Una mezcla de agua (135.14 g) , harina de soya (Prolia 200/90), metabisulfito de sodio, glicerol y dimetilurea en una relación de 300 a 200 a l a 200 a 150. La mezcla de soya tuvo un contenido de sólidos de 64.75%, La resina de PAE (39.33 g de sólidos) se combinó con la mezcla para crear el adhesivo. Esta mezcla de adhesivo se agitó durante 5 minutos para hacerla uniforme y tuvo un contenido de sólidos de 60.19% y una viscosidad de Brookfield de 2799 cps. 45% de los sólidos del adhesivo son de la PAE y harina de soya. El pH fue 6.94. El material se aplicó como aspersión uniformemente sobre un articulo de cara de tabla de partículas y se mezcló con alto esfuerzo cortante durante 1 minuto para obtener un tratamiento uniforme de la madera. La cantidad de madera (incluyendo su 5.1% de humedad) fue 536.01 g. La cantidad de adhesivo usada fue 88.98 g. La madera tratada se formó en una capa uniforme y se prensó ligeramente para compactarse y después se prensó en una prensa a 170°C a un espesor de 1.27 cm. El tiempo de prensado en caliente fue de 3 minutos. El material mixto prensado, ahora curado y endurecido, se removió, se enfrió, se añejó durante un día a 50% de humedad, y se cortó en muestras de 2.54 cm por 20.32 cm por 1.27 cm. La densidad promedio de las muestras fue 130.62 kg/cm3. El módulo de ruptura (MOR) se determinó en una prueba de doblez de 3 puntos.
Una muestra de control se preparó de la misma manera excepto que en lugar de la resina de PAE anterior se usó una resina comercial de bajo contenido de sólidos de peso molecular alto (producto CA1300 de Ashland). 58.33 g del material comercial de 30% de contenido de sólidos se usó con 135.14 g de la mezcla de soya. El pH del adhesivo fue 7.12, tuvo un contenido de sólidos de 54.27%, y una viscosidad de Brookfield de 3649 cps . La densidad promedio de las muestras prensadas en caliente fue de 132.29 kg/cm (PCF). La preparación de una tabla de partículas a escala comercial se dificultaría si no es que imposible con el nivel de sólidos más bajo, en donde típicamente se usa una resina de UF con 65% de sólidos. Usando una resina con contenido de sólidos más bajo a una tasa de adición equivalente se producen "soplidos" y otros defectos de la tabla debido a contenido de humedad alto en la tabla, lo que conduce a una presión de gas interna alta (vapor) .

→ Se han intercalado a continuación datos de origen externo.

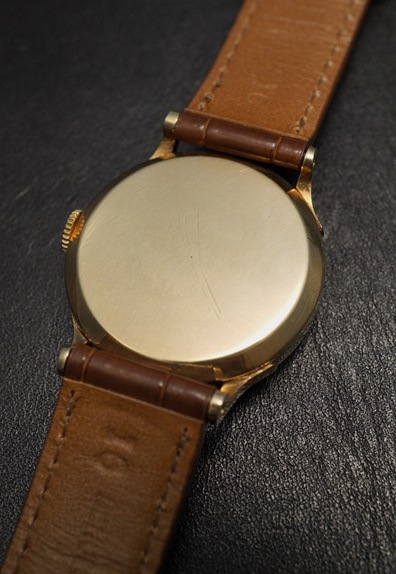 30㎜の絶妙なサイズ感のカラトラバスタイルのケースとエンボスによる全アラビア数字のインデックス、そして繊細ながら立体感のあるリーフハンドがバランスよく組み合わされた一本です。ダイヤルには若干の経年変化が見られますが、全体の雰囲気を壊すようなマイナスのイメージではなく、ヴィンテージらしい枯れ感としてご納得いただけるレベルかと思われます。ケースも本来のシェイプが残ったなかなかの状態で、14KYGの柔らかな色合いもダイヤルとマッチしておりとても魅力的です。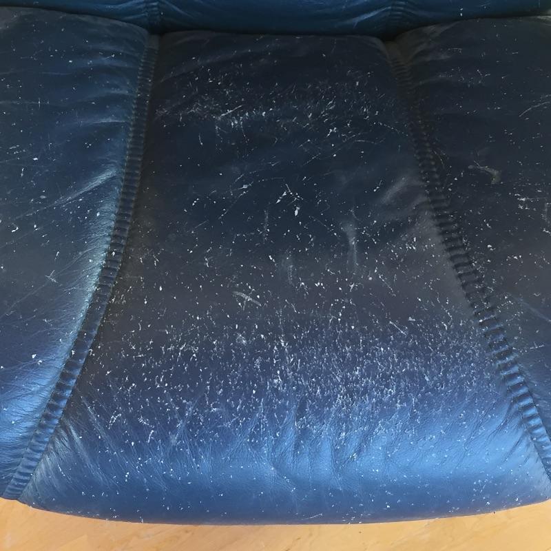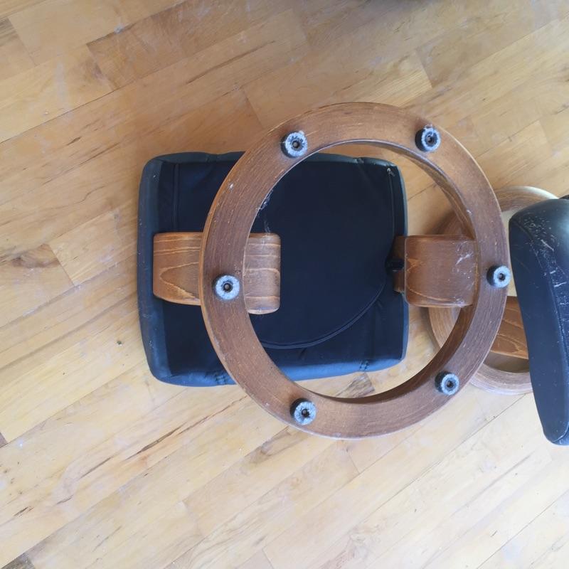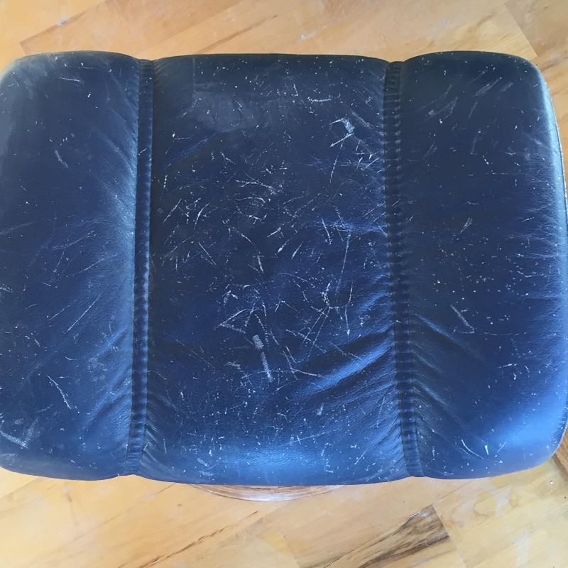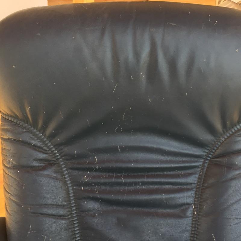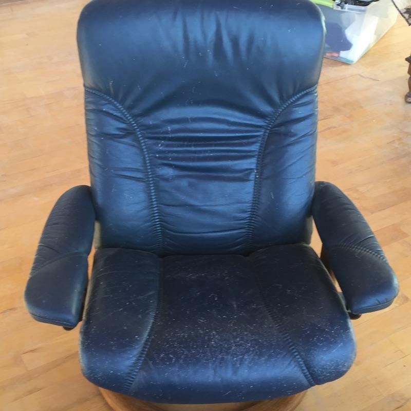 Dark blue Ekornes chair with two ottomans. Chair and ottomans have wear and what looks to be paint and car claw marks on them -see pictures.

El MOR promedio de 8 muestras de material comercial fue 116.56 kg/cm2 con una desviación estándar de 15.33 kg/cm2. El MOR promedio de 8 muestras de la muestra de PAE con alto contenido de sólidos fue 53.15 kg/cm2 con una desviación estándar de 11.20. El MOR de la muestra comercial y la muestra de PAE con alto contenido de sólidos fue 112.20 kg/cm2 y 119.23 respectivamente cuando se interpoló a 128.92 kg/cm3. El material de PAE con alto contenido de sólidos no fue peor en MOR que el material comercial con bajo contenido de sólidos. Esto muestra que el adhesivo de la invención provee rendimiento equivalente o mejor performance que el producto con bajo contenido de sólidos mientras redujo significativamente los problemas causados por exceso de humedad.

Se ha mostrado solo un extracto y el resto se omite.